■ PROBLEM TO WORK ON ■
Nothing but the lines from the one holding "inspired intelligent anti-corrosive" to the final line of the listing below, both included, should be repeated, and each must match exactly. Omit pictures.

--- START ---

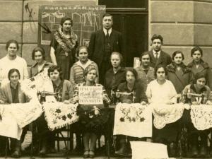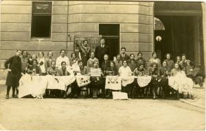 Slika predstavlja udeleženke in izdelke še enega od mnogih šiviljskih tečajev, ki so bili med vojnama zelo številni. Ta naj bi bil na Rakeku, prepričani pa nismo. Uspelo nam je prepoznati dve udeleženki, ampak sliko je treba objaviti, ker vsega o šivanju pa še nisem povedala. Pa še bo ostalo za kdaj drugič.
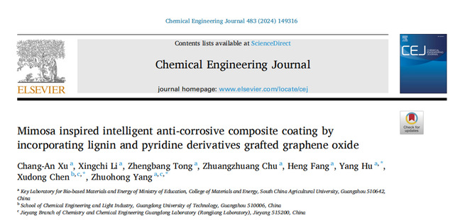 涂层虽然能有效防止金属腐蚀,但在固化过程易形成微孔和微裂纹,并且涂层使用不可避免地受到外界环境破坏,导致其防护能力不足,从而缩短金属材料寿命。受含羞草应激闭合自我保护机制启发,利用三联吡啶单体和木质素接枝的氧化石墨烯制备了一种对腐蚀产物亚铁离子具有智能防腐功能的涂层。此工作不仅赋予涂层自修复性能,延长金属使用寿命,而且还拓展了生物质材料木质素在防腐领域的应用。此研究成果发表于Chemical Engineering Journal,题目为“Mimosa inspired intelligent anti-corrosive composite coating by incorporating lignin and pyridine derivatives grafted graphene oxide”。文章第一作者为博士后徐长安, 通讯作者为杨卓鸿教授、陈旭东教授和胡洋副教授。
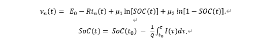 아래의 수식은 배터리의 충방전 과정에서 단자 전압과 충전 상태(SoC: State of Charge)의 변화 관계를 설명하는 네른스트(Nernst) 방정식과 충전 상태의 시간에 따른 쿨롱 계수(Coulomb Counting)를 설명하고 있다. 초기 전압이 저항(R)과 충전 상태에 따라서 얼마나 감쇠하는지를 설명하는 방정식이며, 적절한 난수와 파라미터의 설정을 통해 수만 개의 가상의 배터리 충전 상태의 열화(degradation)현상을 시뮬레이션할 수 있다(그림 4의 왼쪽 참고).
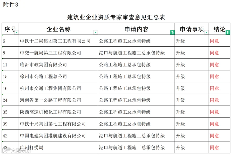 1月5日,住建部发布《关于建设工程企业资质专家审查意见的公示》。其中同意10家建筑业企业升特。
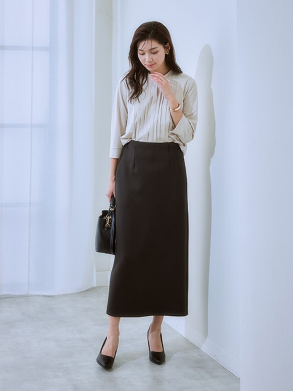 nissen Ladies Models(nissen本店models)のTシャツ/カットソー「【ひんやり接触冷感】ブラウス見えシルケットポンチピンタックカットソートップス」を使ったコーディネート

--- END ---

■ RESULT OF THE TASK ■
 涂层虽然能有效防止金属腐蚀,但在固化过程易形成微孔和微裂纹,并且涂层使用不可避免地受到外界环境破坏,导致其防护能力不足,从而缩短金属材料寿命。受含羞草应激闭合自我保护机制启发,利用三联吡啶单体和木质素接枝的氧化石墨烯制备了一种对腐蚀产物亚铁离子具有智能防腐功能的涂层。此工作不仅赋予涂层自修复性能,延长金属使用寿命,而且还拓展了生物质材料木质素在防腐领域的应用。此研究成果发表于Chemical Engineering Journal,题目为“Mimosa inspired intelligent anti-corrosive composite coating by incorporating lignin and pyridine derivatives grafted graphene oxide”。文章第一作者为博士后徐长安, 通讯作者为杨卓鸿教授、陈旭东教授和胡洋副教授。
 아래의 수식은 배터리의 충방전 과정에서 단자 전압과 충전 상태(SoC: State of Charge)의 변화 관계를 설명하는 네른스트(Nernst) 방정식과 충전 상태의 시간에 따른 쿨롱 계수(Coulomb Counting)를 설명하고 있다. 초기 전압이 저항(R)과 충전 상태에 따라서 얼마나 감쇠하는지를 설명하는 방정식이며, 적절한 난수와 파라미터의 설정을 통해 수만 개의 가상의 배터리 충전 상태의 열화(degradation)현상을 시뮬레이션할 수 있다(그림 4의 왼쪽 참고).
 1月5日,住建部发布《关于建设工程企业资质专家审查意见的公示》。其中同意10家建筑业企业升特。
 nissen Ladies Models(nissen本店models)のTシャツ/カットソー「【ひんやり接触冷感】ブラウス見えシルケットポンチピンタックカットソートップス」を使ったコーディネート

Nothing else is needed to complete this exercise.